Thank you also for using that replicate-function which i didn't know.  
Till now I have just used for-loops that are not so beautiful... i  
don't know about the speed. Have to test that.


Atte

Greg Snow kirjoitti 26.6.2010 kello 23.30:

> No I mean something like this, assuming that the iris dataset  
> contains the full population and we want to see if Setaso have a  
> different mean than the population (the null would be that there is  
> no difference in sepal width between species, or that species tells  
> nothing about sepal width):
>
>
> out1 <- replicate( 100000, mean(sample(iris$Sepal.Width, 50)) )
> obs1 <- mean( iris$Sepal.Width[1:50] )
>
> hist(out1, xlim=range(out1,obs1))
> abline(v=obs1)
>
> mean( out1 > obs1 )
>
>
> I donÕt have a reference (other than a text book that defines  
> sampling distributions).
>
> --
> Gregory (Greg) L. Snow Ph.D.
> Statistical Data Center
> Intermountain Healthcare
> greg.s...@imail.org
> 801.408.8111
>
> From: Atte Tenkanen [mailto:atte...@utu.fi]
> Sent: Friday, June 25, 2010 10:08 PM
> To: Atte Tenkanen
> Cc: Greg Snow; David Winsemius; R mailing list
> Subject: Re: [R] Wilcoxon signed rank test and its requirements
>
>
> Atte Tenkanen kirjoitti 26.6.2010 kello 5.15:
>
>
>
> Greg Snow kirjoitti 25.6.2010 kello 21.55:
>
>
> Let me see if I understand.  You actually have the data for the  
> whole population (the entire piece) but you have some pre-defined  
> sections that you want to see if they differ from the population,  
> or more meaningfully they are different from a randomly selected  
> set of measures.  Is that correct?
>
> If so, since you have the entire population of interest you can  
> create the actual sampling distribution (or a good approximation of  
> it).  Just take random samples from the population of the given  
> size (matching the subset you are interested in) and calculate the  
> means (or other value of interest), probably 10,000 to 1,000,000  
> samples.  Now compare the value from your predefined subset to the  
> set of random values you generated to see if it is in the tail or not.
>
> I check, so you mean doing it this way:
>
> t.test(sample(POPUL, length(SAMPLE), replace = FALSE), mu=mean 
> (SAMPLE), alt = "less")
>
> NO, this way:
>
> t.test(POPUL[sample(1:length(POPUL), length(SAMPLE), replace =  
> FALSE)], mu=mean(SAMPLE), alt = "less")
>
> Atte
>
>
>
> Atte
>
>
>
> -- 
> Gregory (Greg) L. Snow Ph.D.
> Statistical Data Center
> Intermountain Healthcare
> greg.s...@imail.org
> 801.408.8111
>
>
> -----Original Message-----
> From: r-help-boun...@r-project.org [mailto:r-help-boun...@r-
> project.org] On Behalf Of Atte Tenkanen
> Sent: Thursday, June 24, 2010 11:04 PM
> To: David Winsemius
> Cc: R mailing list
> Subject: Re: [R] Wilcoxon signed rank test and its requirements
>
> The values come from this kind of process:
> The musical composition is segmented into so-called 'pitch-class
> segments' and these segments are compared with one reference set  
> with a
> distance function.
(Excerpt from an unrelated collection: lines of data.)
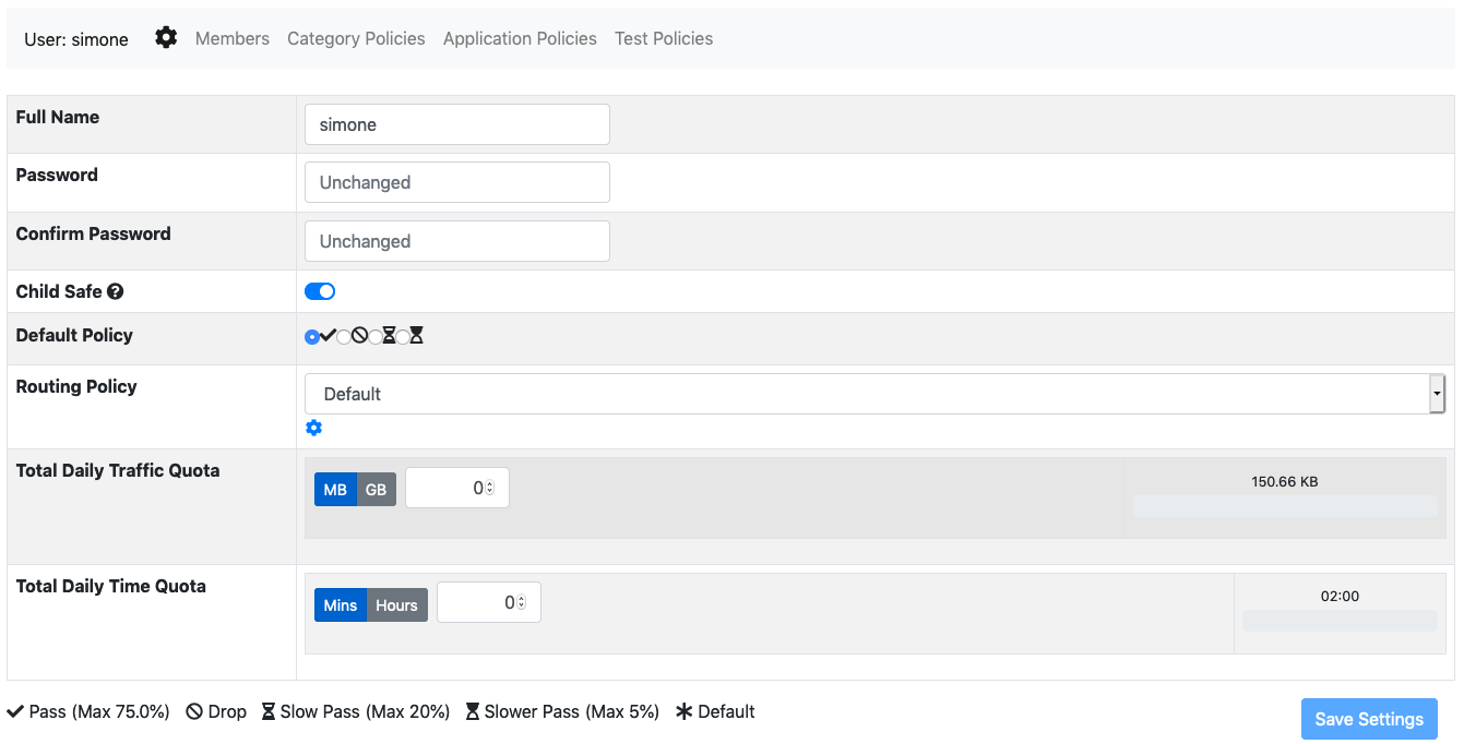 The Child Safe option enables child protection for the specified user by blocking adult web sites. More information about policies can be found on the policies section.
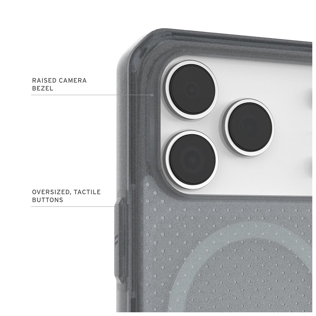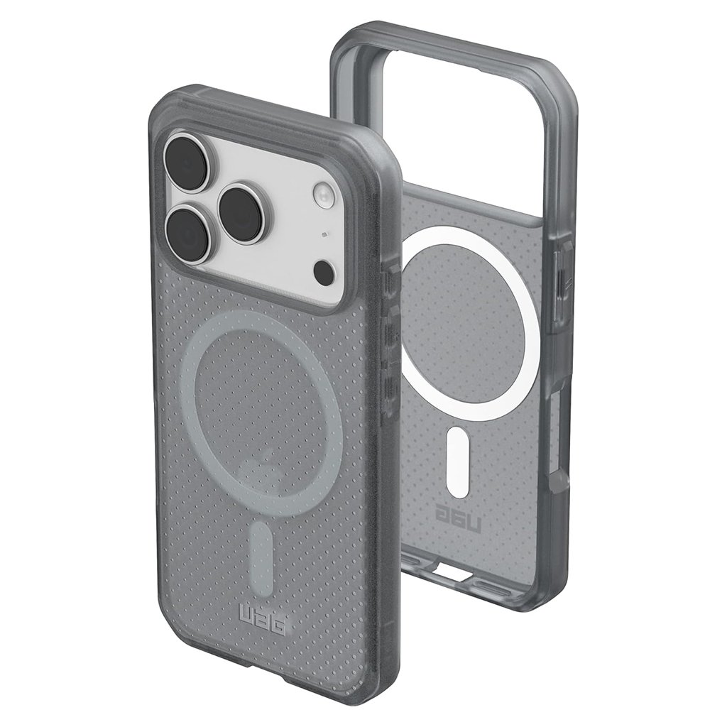 Puzdro UAG Dot MagSafe sa vyznačuje unikátnym, polopriesvitným dizajnom s jemným tečkovaným vzorom na zadnej strane, ktorý dodáva moderný a sofistikovaný vzhľad. Jeho popelavá farba podčiarkuje eleganciu a zároveň umožňuje vyniknúť originálnemu dizajnu vášho iPhone 17 Pro.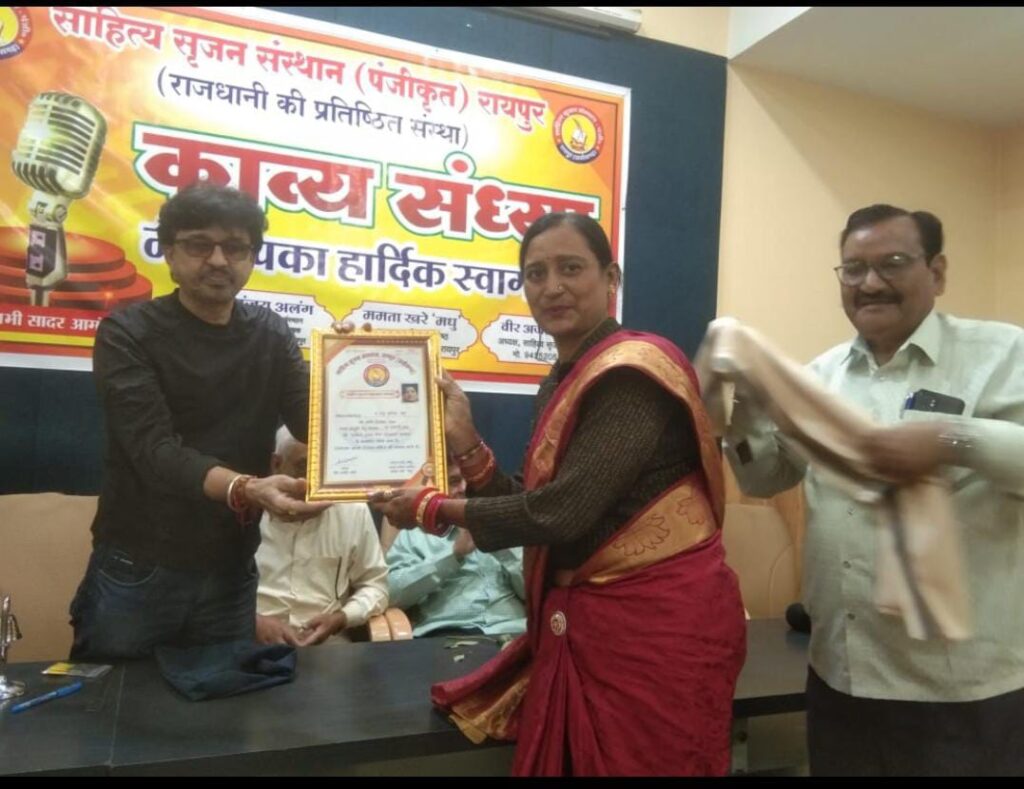 खरोरा..सृजन संस्थान के तत्वावधान में विगत दिवस 16 फरवरी,को वृंदावन हाल में आयोजित काव्य गोष्ठी में अंचल की प्रतिभाशाली कवयित्री पं अंजू पांडेय को साहित्य सृजन श्रेष्ठ रचनाकार सम्मान से सम्मानित किया गया।आंचल की इस कलमकार नेअपनी रचनाओं से समाज की विसंगतियों ,नारी की संवेदनाओं को चित्रित किया है।
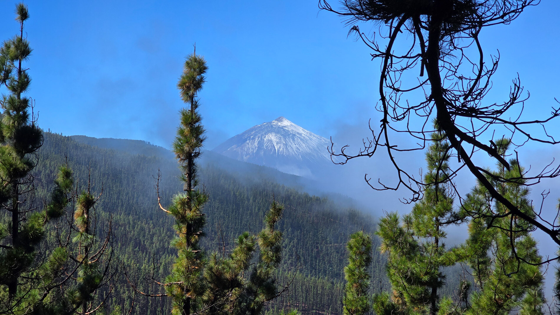 An einem Aussichtspunkt öffnet sich der Blick auf den Teide. Wolkenumwabert und majestätisch.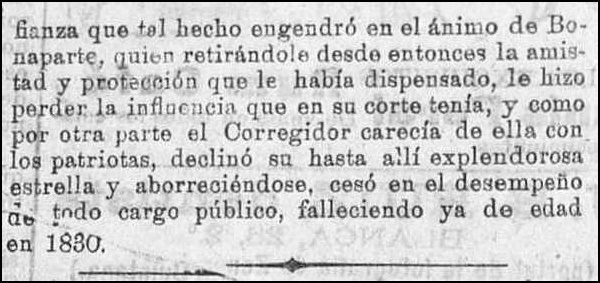 Desde luego es excusado decir la embarazosa situación de Gutiérrez dela Torre y la desconfianza que tal hecho engendró en el ánimo de Bonaparte, quien retirándole desde entonces la amistad y protección que le había dispensado, le hizo perder la influencia que en su corte tenía, y como por otra parte el Corregidor carecía de ella con los patriotas, declinó su hasta allí explendorosa estrella y aborreciéndose, cesó en el desempeño de todo cargo público, falleciendo ya de edad en 1830.

Only some distance values are possible. These
> distance values can be averaged over music bars which produces  
> smoother
> distribution and the 'comparison curve' that illustrates the distances
> according to the reference set through a musical piece result in more
> readable curve (see e.g. http://users.utu.fi/attenka/with6.jpg ),  
> but I
> would prefer to use original values.
>
> then, I want to pick only some regions from the piece and compare  
> those
> values of those regions, whether they are higher than the mean of all
> values.
>
> Atte
>
> On Jun 24, 2010, at 6:58 PM, Atte Tenkanen wrote:
>
> Is there anything for me?
>
> There is a lot of data, n=2418, but there are also a lot of ties.
> My sample nÅ250-300
>
>
> I do not understand why there should be so many ties. You have not
> described the measurement process or units. ( ... although you offer
> a
>
> glipmse without much background  later.)
>
> i would like to test, whether the mean of the sample differ
> significantly from the population mean.
>
> Why? What is the purpose of this investigation? Why should the mean
> of
>
> a sample be that important?
>
>
> The histogram of the population looks like in attached histogram,
> what test should I use? No choices?
>
> This distribution comes from a musical piece and the values are
> 'tonal distances'.
>
> http://users.utu.fi/attenka/Hist.png
>
> That picture does not offer much insidght into the features of that
> measurement. It appears to have much more structure than I would
> expect for a sample from a smooth unimodal underlying population.
>
> --
> David.
>
>
> Atte
>
> On 06/24/2010 12:40 PM, David Winsemius wrote:
>
> On Jun 23, 2010, at 9:58 PM, Atte Tenkanen wrote:
>
> Thanks. What I have had to ask is that
>
> how do you test that the data is symmetric enough?
> If it is not, is it ok to use some data transformation?
>
> when it is said:
>
> "The Wilcoxon signed rank test does not assume that the data are
> sampled from a Gaussian distribution. However it does assume
> that
>
> the
> data are distributed symmetrically around the median. If the
> distribution is asymmetrical, the P value will not tell you much
>
> about
> whether the median is different than the hypothetical value."
>
> You are being misled. Simply finding a statement on a statistics
> software website, even one as reputable as Graphpad (???), does
> not
> mean
> that it is necessarily true. My understanding (confirmed
> reviewing
> "Nonparametric statistical methods for complete and censored
> data"
> by M.
> M. Desu, Damaraju Raghavarao, is that the Wilcoxon signed-rank
> test
> does
> not require that the underlying distributions be symmetric. The
> above
> quotation is highly inaccurate.
>
>
> To add to what David and others have said, look at the kernel that
>
> the
>
> U-statistic associated with the WSR test uses: the indicator (0/1)
> of
> xi
> + xj > 0.  So WSR tests H0:p=0.5 where p = the probability that
> the
> average of a randomly chosen pair of values is positive.  [If
> there
> are
> ties this probably needs to be worded as P[xi + xj > 0] = P[xi +
> xj
> <
>
> 0], i neq j.
>
> Frank
>
> --
> Frank E Harrell Jr   Professor and Chairman        School of
> Medicine
>                      Department of Biostatistics   Vanderbilt
> University
>
>
> ______________________________________________
> R-help@r-project.org mailing list
> https://stat.ethz.ch/mailman/listinfo/r-help
> PLEASE do read the posting guide http://www.R-project.org/posting-
> guide.html
> and provide commented, minimal, self-contained, reproducible code.
>
>


        [[alternative HTML version deleted]]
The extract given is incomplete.